## Work order:
Once the line holding "随着2017暑期档的来临,海" appears, repeat it and each line after it to the end of the data, exactly and with nothing else; pictures stay out.

## Information shown:
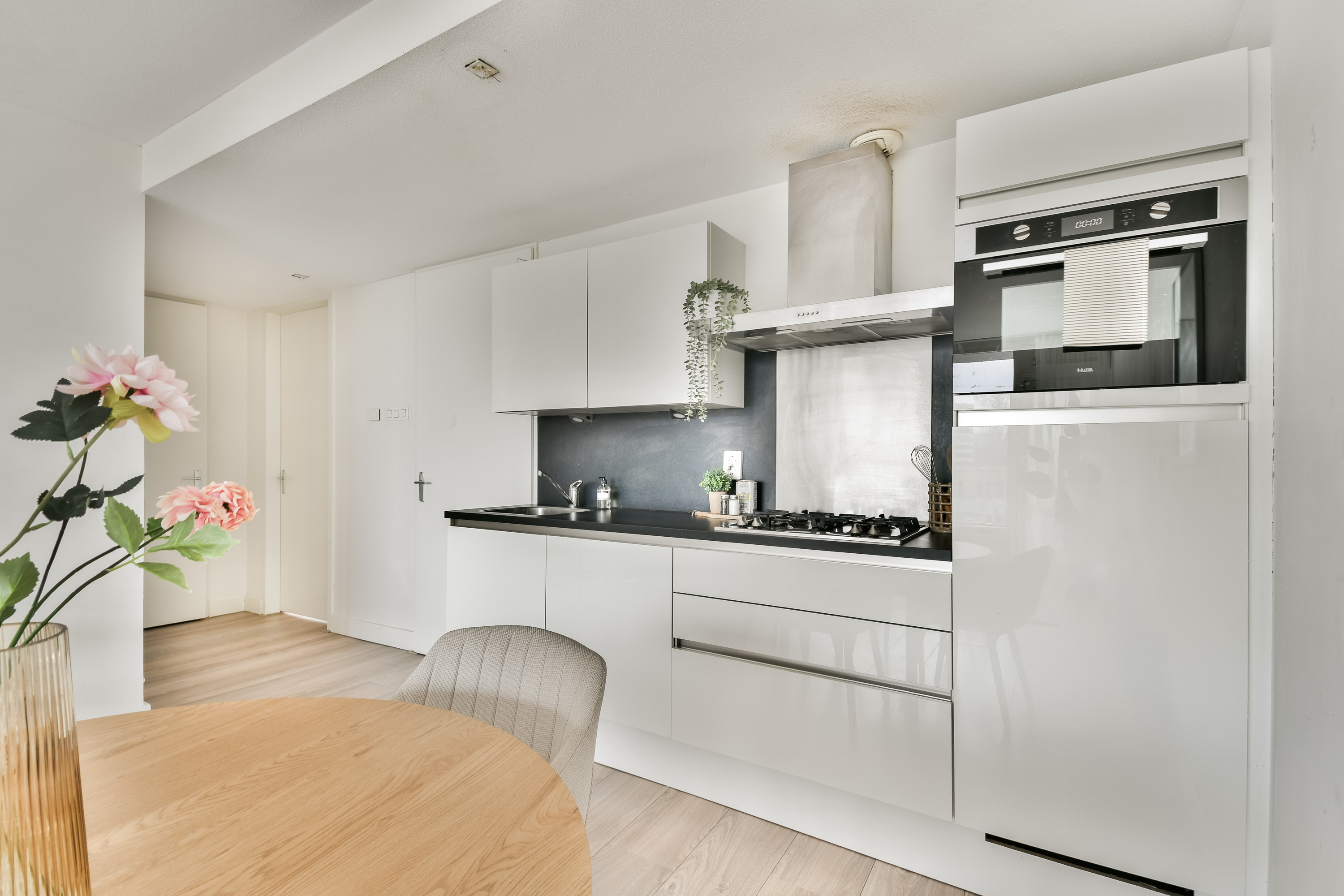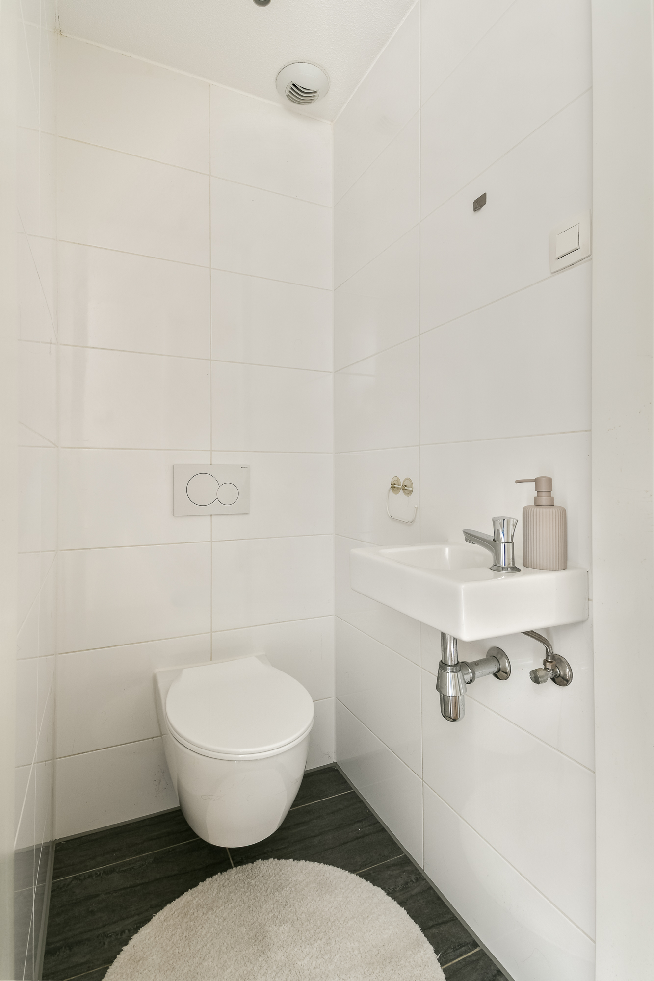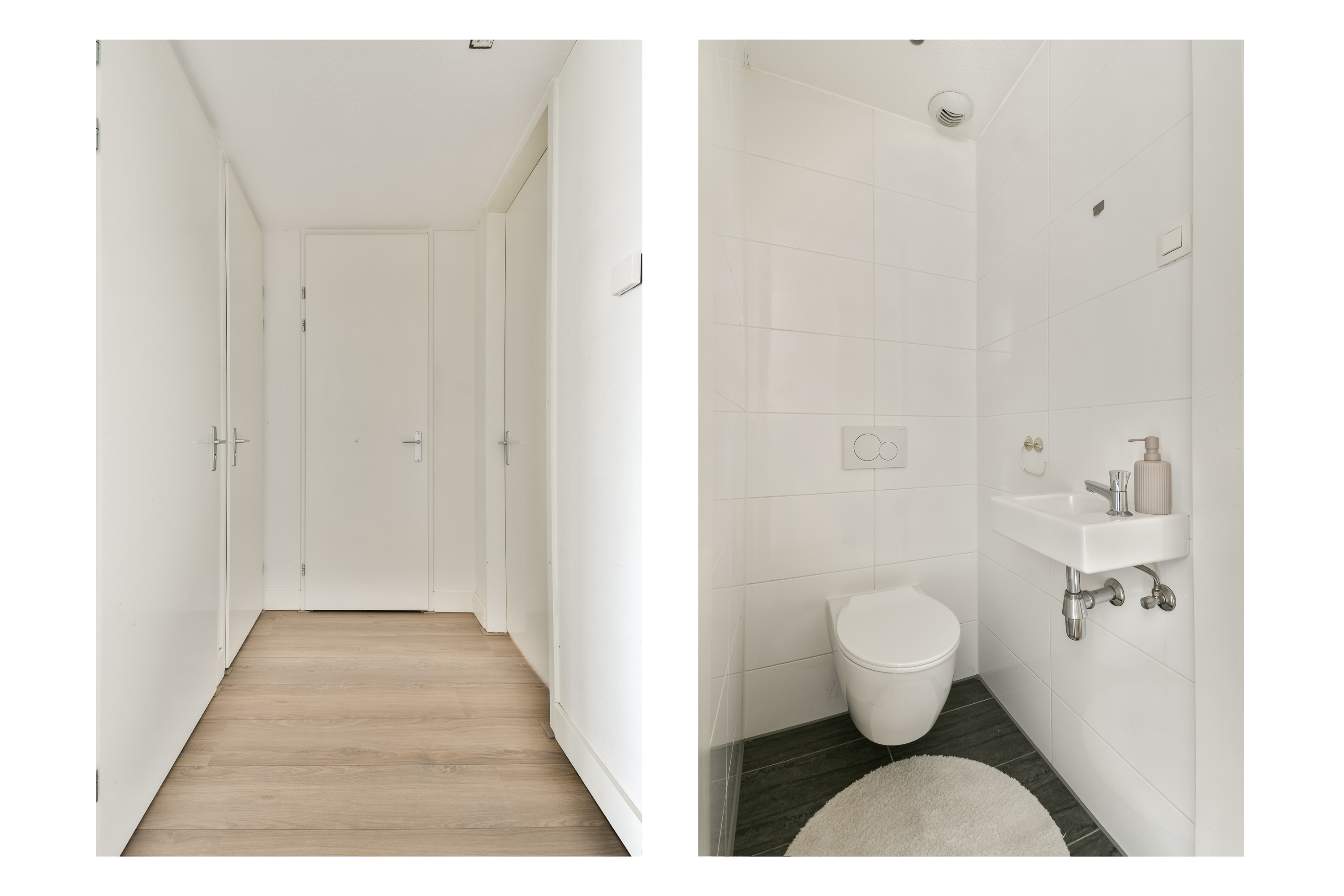 De hal, met een separaat toilet, biedt toegang tot alle vertrekken. Aan de voorzijde van de woning bevindt zich de ruime woonkamer met een moderne open keuken en balkon. Het zonnige balkon is gelegen op het zuiden. De keuken is uitgerust met een oven, een vaatwasser en een koelkast met een aparte vriezer.
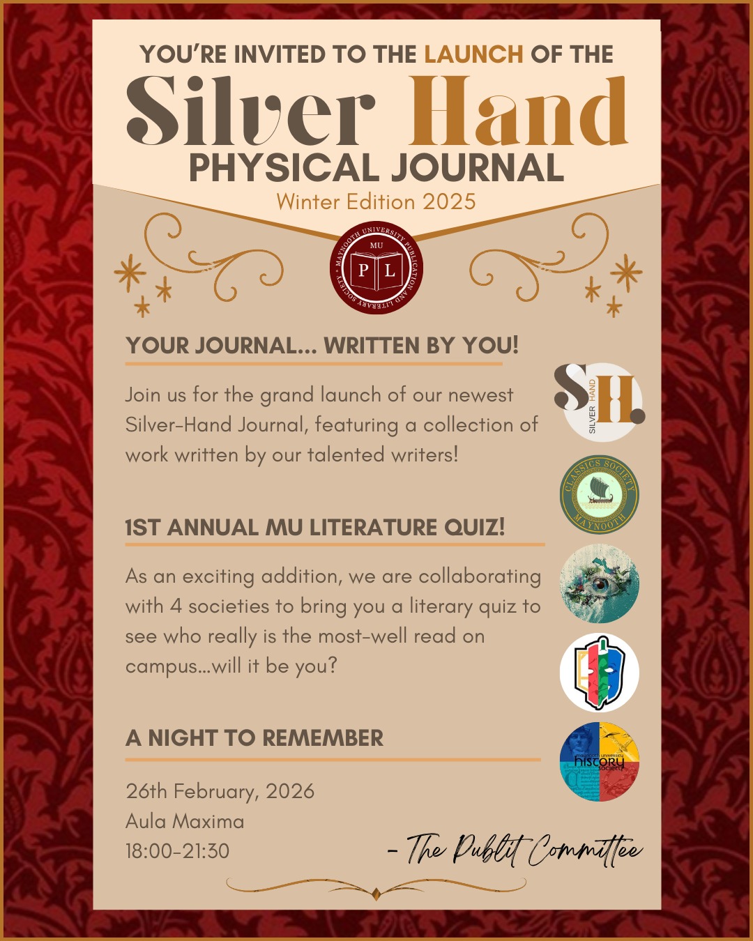 The event will comprise the sale of copies of a print anthology, compiling material we have published online at silverhandjournal.com. Copies will cost three euro each. It will be largely a social event, with a collaborative literary quiz co-hosted by Maynooth's Classics, Drama, History and Philosophy societies in the last hour and a half, with each society hosting a round. When the event concludes, we will close the doors and rearrange the venue as found. We will also be inviting a selection of Maynooth University students, alumni and staff via email.
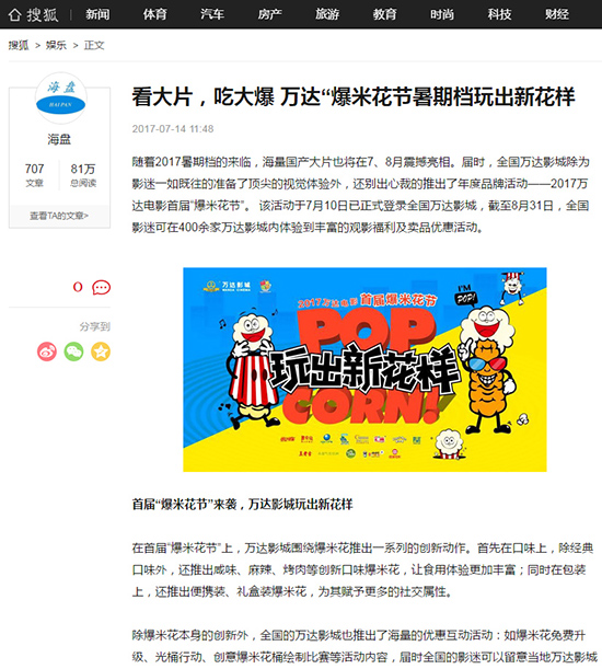 随着2017暑期档的来临,海量国产大片也将在7、8月震撼亮相。届时,全国万达影城除为影迷一如既往的准备了顶尖的视觉体验外,还别出心裁的推出了年度品牌活动——2017万达电影首届“爆米花节”。 该活动于7月10日已正式登录全国万达影城,截至8月31日,全国影迷可在400余家万达影城内体验到丰富的观影福利及卖品优惠活动。
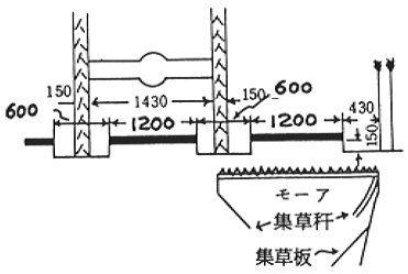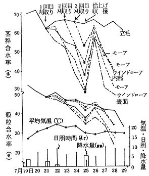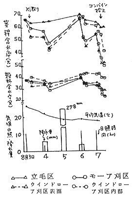 2)刈取法別水分変化(56年):1m×2mの金網上にモーア刈区(厚さ3cm)とウインドローア刈区(12cm)の小麦を置き,地上高15,30cmにした。ビニルシート屋根(3m高)で降雨をしゃ断。刈取翌日及び4日後に降雨量10mm相当分の噴霧区を設定。

## Expected answer:
 随着2017暑期档的来临,海量国产大片也将在7、8月震撼亮相。届时,全国万达影城除为影迷一如既往的准备了顶尖的视觉体验外,还别出心裁的推出了年度品牌活动——2017万达电影首届“爆米花节”。 该活动于7月10日已正式登录全国万达影城,截至8月31日,全国影迷可在400余家万达影城内体验到丰富的观影福利及卖品优惠活动。
 2)刈取法別水分変化(56年):1m×2mの金網上にモーア刈区(厚さ3cm)とウインドローア刈区(12cm)の小麦を置き,地上高15,30cmにした。ビニルシート屋根(3m高)で降雨をしゃ断。刈取翌日及び4日後に降雨量10mm相当分の噴霧区を設定。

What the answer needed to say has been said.